Following the protocol provided with the initial contract, I faxed my questions back to the insurance company and called to verify the fax was received. It took approximately four attempts by email and phone just to ensure that the paperwork was received.

At this point, I was quite frustrated. The process to get a contract had already take 5 months, longer than the company had initially told me, and five times longer than Medicare!

Then came the difficult portion of the process. The turn-around time to obtain answers to the contract questions was supposed to be a day or two; however, it took three months of weekly, almost daily phone calls to the company to verify that the questions had been received and for additional information to be provided back to me. In fact, at the recommendation of a well-respected colleague, and given no acknowledgement from the insurance company, I reported the insurance company to the state insurance commissioner. Shortly after the complaint was made, I heard back from the insurance company.

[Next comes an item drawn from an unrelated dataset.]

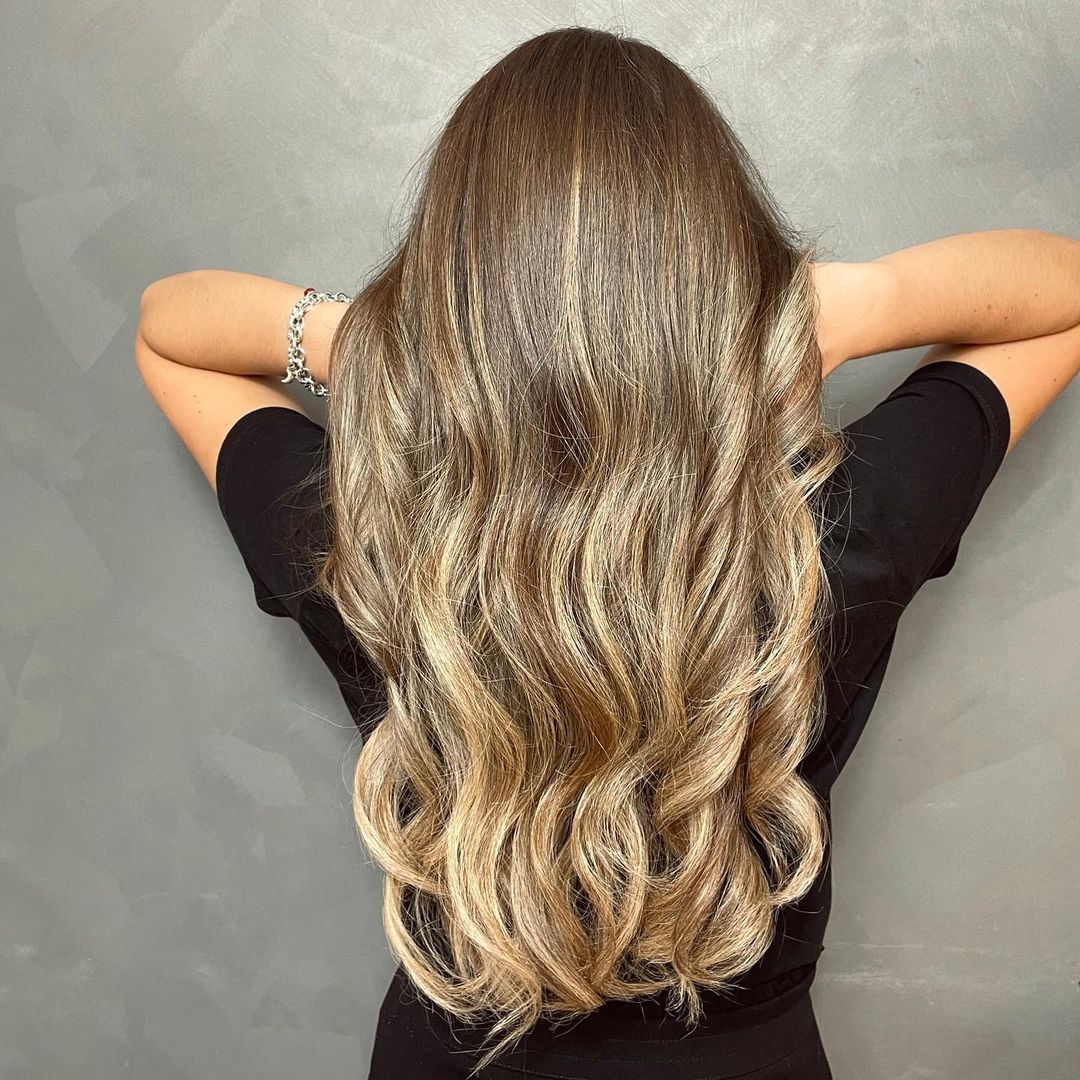 In foto, abbiamo dei capelli lunghi con sfumature bionde. L’eleganza è bellezza e questo biondo dai toni freddi non ci lascia dubbi. In questo caso la base è chiara con sfumature personalizzate tra il color biondo cenere e miele. Chiude il look una piega mossa morbida e naturale.

The questions I had asked to the insurance company were answered by phone, although I had requested written responses. Short of legal action, I was unable to obtain written responses; however, I took detailed notes and obtained as much information as possible. The insurance company was unable to answer all five pages of my questions, but I shared the answers with my expert reviewer. After a second review of the contract with the answers provided, the expert recommended that I continue with the insurance and sign the contract.

After I signed the contract, it took approximately two weeks to receive a provider number and another week to obtain signed contracts and paper provider manuals.
Future Insurances
After going through the Medicare process and a third-party insurance process, I know that I can apply with other companies to become a participating provider and will do so, if needed. At this time I am focusing on the two insurances that I am participating with, getting the patients seen who waited for the coverage, and marketing to all of my current referring physicians with the new insurance information.

What did I learn through all of this?
  • The time to become a provider outside of Medicare, even if everything is done properly, was more than twice as long as I expected.
  • The patients who are willing to come into the clinic and pay privately, even though I may accept their insurance later on, are golden.
  • Having expert advisors (lawyer, contract reviewer) was critical.
  • Take really, really good notes, including all phone calls (the name, time, date, what number you called from, etc.), faxes, mailed responses, attempts, and more.
   
Alicia D.D. Spoor, Au.D. is the Audiologist and President of Designer Audiology, LLC, located in Highland, MD. Previously, she was part of the cochlear implant and hearing aid teams at the Mayo Clinic Arizona. Dr. Spoor earned her Doctor of Audiology degree from Gallaudet University in Washington, D.C. and her Bachelor of Arts degree from Michigan State University in Audiology and Speech Sciences. While at Gallaudet University, Dr. Spoor taught at both the undergraduate and graduate levels. She is currently the Treasurer for the Academy of Doctors of Audiology and Legislative Chair of the Maryland Academy of Audiology.